# Network file creation
In this notebook we will create files which can be used in the Cytoscape STRING automation with the RCy3 package. These network files will contain an edge table and an node table. These will be based on the pathways selected which was described in a previous jupyter notebook.

In [1]:
# check wd
getwd()

In [2]:
# load libraries
library(limma)
library(qusage)
library(plyr)
library(dplyr)
library(tidyr)
library(biomaRt)

"package 'qusage' was built under R version 3.5.2"
Attaching package: 'dplyr'

The following objects are masked from 'package:plyr':

    arrange, count, desc, failwith, id, mutate, rename, summarise,
    summarize

The following objects are masked from 'package:stats':

    filter, lag

The following objects are masked from 'package:base':

    intersect, setdiff, setequal, union

"package 'tidyr' was built under R version 3.5.2"

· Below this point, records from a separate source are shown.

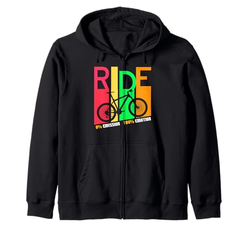 Ride Zero Emission Cycling Funny Eco Bike Slogan Zip Hoodie
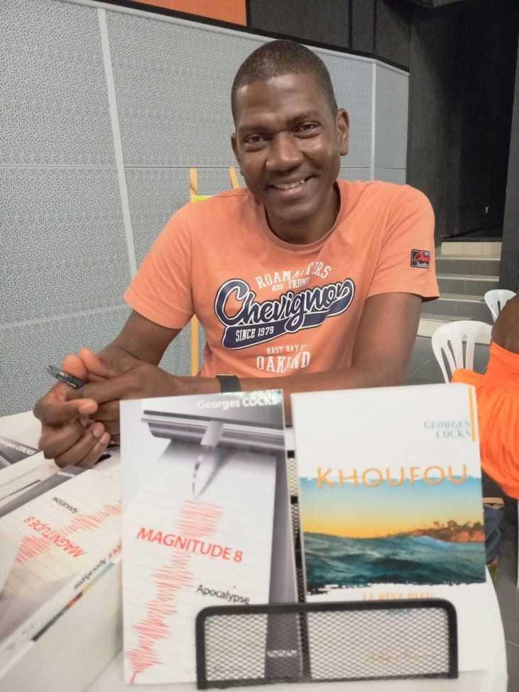 Avec Pawòl Maké Douvànjou, Yvèl Lubin travaille une langue créole ancrée dans l'oralité, attentive aux voix, aux silences et à ce qui se dit sur le ton de la confidence. Une écriture du lien tissé avec le fil de la mémoire, véritable matériau vivant. Face à l'écrivaine, Georges Cocks présentera Khoufou - Le Rêve Bleu, un récit poétique qui convoque l'ailleurs et le temps long. À travers la figure de Khoufou, l'auteur explore le monde onirique, la quête et la construction de soi. Le poète tente de relier l'intime au collectif.
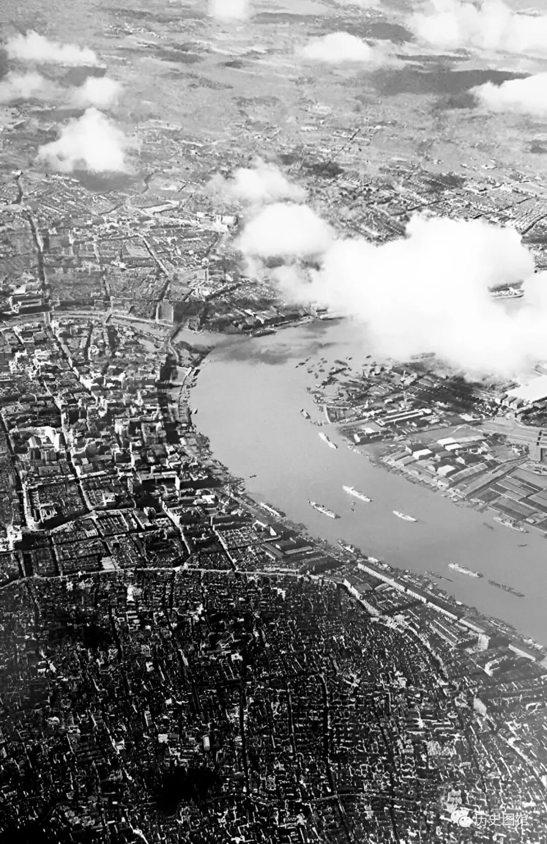 这是卡斯特尔拍摄的30年代的上海,高楼林立,江面上船只来往穿梭,看上去非常繁华。照片前景为南岛,后景为闸北和虹口。当时的拍摄高度为2500米。

First we will load in the same .gmt files for all three databases and combine these together.

In [3]:
# KEGG
kegg <- read.gmt(file.path(getwd(), "data-input", "c2.cp.kegg.v6.2.entrez.gmt"))
kegg <- ldply(kegg, data.frame)
colnames(kegg)[c(1,2)] <- c("pathway", "entrezgene")

### REACTOME
reactome <- read.gmt(file.path(getwd(), "data-input", "c2.cp.reactome.v6.2.entrez.gmt"))
reactome <- ldply(reactome, data.frame)
colnames(reactome)[c(1,2)] <- c("pathway", "entrezgene")

### WikiPathways
wp <- read.gmt(file.path(getwd(), "data-input", "wikipathways-20190410-gmt-Homo_sapiens.gmt"))
wp <- ldply(wp, data.frame)
colnames(wp)[c(1,2)] <- c("pathway", "entrezgene")

# combine databases
allDatabases <- rbind(kegg, reactome, wp)
head(allDatabases)

"incomplete final line found on 'C:/Users/Laurent/Documents/GitHub/inflammation_networks2/data-input/wikipathways-20190410-gmt-Homo_sapiens.gmt'"

pathway,entrezgene
KEGG_GLYCOLYSIS_GLUCONEOGENESIS,55902
KEGG_GLYCOLYSIS_GLUCONEOGENESIS,2645
KEGG_GLYCOLYSIS_GLUCONEOGENESIS,5232
KEGG_GLYCOLYSIS_GLUCONEOGENESIS,5230
KEGG_GLYCOLYSIS_GLUCONEOGENESIS,5162
KEGG_GLYCOLYSIS_GLUCONEOGENESIS,5160


Load in disgenet file for later use.

In [4]:
# disgenet
# load in disgenet file
disgenet <- read.delim(file.path(getwd(), "data-input", "C0021368_disease_gda_summary.tsv"))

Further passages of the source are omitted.